Gedung sekolah Alfa Omega di Indonesia adalah contoh hasil karya arsitek yang bekerja sama dengan masyarakat setempat untuk menghasilkan fasilitas fungsional yang sedap dipandang mata dan ramah lingkungan.
Proyek ini membuat para juri terkesan pada acara World Architecture Festival 2018, dan berhasil masuk ke daftar final kategori Sekolah. Dalam kisah foto hari ini, kita akan melihat lebih dekat desain mutakhir sekolah tersebut yang hingga saat ini selalu menarik perhatian para penduduk lokal dan pengunjung yang datang.
Sekolah ini dibangun di atas area bekas rawa dan sawah yang terletak di kota Tangerang, provinsi Banten. Menurut tim proyek RAW Architecture, lokasi tersebut sengaja dipilih untuk memberi siswa perasaan dekat dengan alam, dan mendorong kegiatan belajar dan mengajar di dalam maupun di luar ruangan.
Tidak membutuhkan waktu lama untuk mengubah area tersebut, hanya berkisar empat bulan dari awal sampai selesai. Realrich Sjarief, pendiri RAW Architecture, berkata bahwa kunci dari waktu perubahan yang cepat adalah penggunaan material dan tukang atau perajin lokal, bukan developer besar. Hal ini membantu menciptakan ikatan yang kuat antara masyarakat dan bangunan itu sendiri.
Pengrajin bambu dari daerah Sumedang membuat pagar pembatas dan jalan masuk yang ditinggikan. Penggunaan bahan-bahan berbiaya rendah seperti bambu dan nipah (sejenis palem yang tumbuh di lingkungan hutan bakau) dapat menghemat anggaran awal sebesar 30 persen.

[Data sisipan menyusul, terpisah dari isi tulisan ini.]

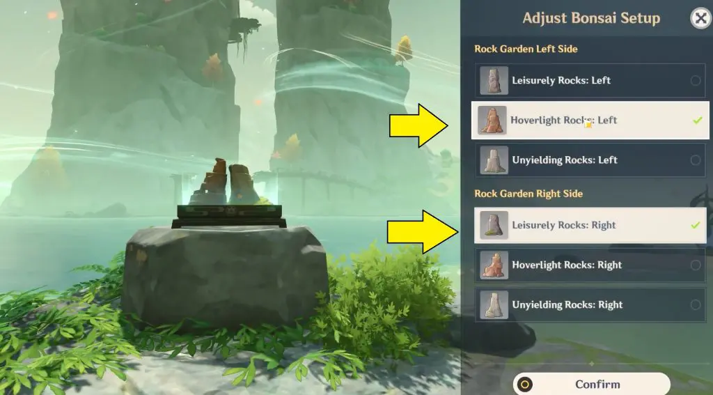 Go to the bonsai island and change the stone formation on both sides of the bonsai. Select Choose “Hoverlight Rocks: Left” and “Leisurely Rocks: Right”

Bagian depan bangunan diawali dengan 'jembatan beratap bambu' yang mengesankan dan membawa guru, siswa, dan orang tua ke bangunan utama sekolah.
Semua bahan dan sumber daya yang digunakan dalam proyek tersebut dapat ditemukan dalam jarak lima kilometer dari lokasi – sehingga mengurangi waktu pembangunan dan jejak karbon proyek.

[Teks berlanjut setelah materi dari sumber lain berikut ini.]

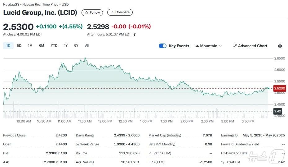루시드 일일 주가추이 - 야후 파이낸스 갈무리지난달 31일(현지시간) 로마 테슬라 전시장에서 방화로 추정되는 불이 나 차량 17 대가 전소했다. ⓒ 로이터=뉴스1 ⓒ News1 박형기 기자관련 키워드루시드테슬라전기차박형기 기자 “지금이라도 메모리 반도체에 베팅하라”-블룸버그“TSMC 랠리로 코스피 11일 연속 신고가 행진”-블룸버그관련 기사테슬라 0.13%-루시드 7.29%, 전기차 일제 하락(상보)TSMC 랠리+은행주 급등, 미증시 일제↑ 다우 0.60%(상보)테슬라 1.79%-리비안 7.16%, 전기차 일제 하락(종합)테슬라 0.39%-루시드 2.85%, 전기차 일제 하락(상보)테슬라 0.89% 상승한 것 제외하고 전기차 일제 하락(상보)

Gambar di atas menunjukkan area 'lobi' sekolah, yang berubah menjadi pusat aktivitas di awal dan akhir hari ketika orang tua tiba dengan anak-anak mereka.
Ruang tunggu berdinding kaca telah dipasang di lobi. Bagian dalam sekolah (termasuk area terbuka dan langit-langit yang tinggi) telah dirancang agar penerangan di siang hari berasal sepenuhnya dari sumber cahaya alami, sehingga sumber cahaya dari lampu baru digunakan pada sore hari.

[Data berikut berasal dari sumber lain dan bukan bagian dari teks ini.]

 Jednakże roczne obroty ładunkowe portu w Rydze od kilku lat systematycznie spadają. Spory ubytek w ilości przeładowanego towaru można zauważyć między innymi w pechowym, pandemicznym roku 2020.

Agar tidak mengandalkan AC, desain sekolah dibuat berupa langit-langit tinggi dan batu bata berpori pada dinding kelas untuk memungkinkan ventilasi udara silang.
Dinding batu dan kerangka baja dibangun oleh para pengrajin dari Salembaran yang lokasinya berdekatan.
Sebagai solusi atas peraturan zonasi lahan lokal, arsitek membangun empat gedung modular yang dihubungkan oleh halaman tengah.
Struktur di atas koridor adalah kantilever dua meter untuk menciptakan kerai alami yang sekaligus melindungi dari hujan lebat.
Sjarief mengatakan penggunaan bahan yang tidak menyerap panas (daya konduksi termal yang rendah), seperti nipah di atap, fasad batu bata, bambu di langit-langit dan lantai beton, memungkinkan bangunan menjadi dingin hingga suhu interior rata-rata 27 ° C sepanjang tahun.
Dengan mempertimbangkan lokasi bekas rawa dan sawah, arsitek memutuskan untuk mengatasi masalah stabilitas tanah dengan mengangkat seluruh struktur bangunan setinggi 2,1 meter dari permukaan tanah.
Sjarief mengatakan adanya ikatan yang kuat antara komunitas lokal, pengrajin, dan desainer di Sekolah Alfa Omega membuka kesempatan 'proses kreatif kolektif' dalam pembangunan sekolah tersebut.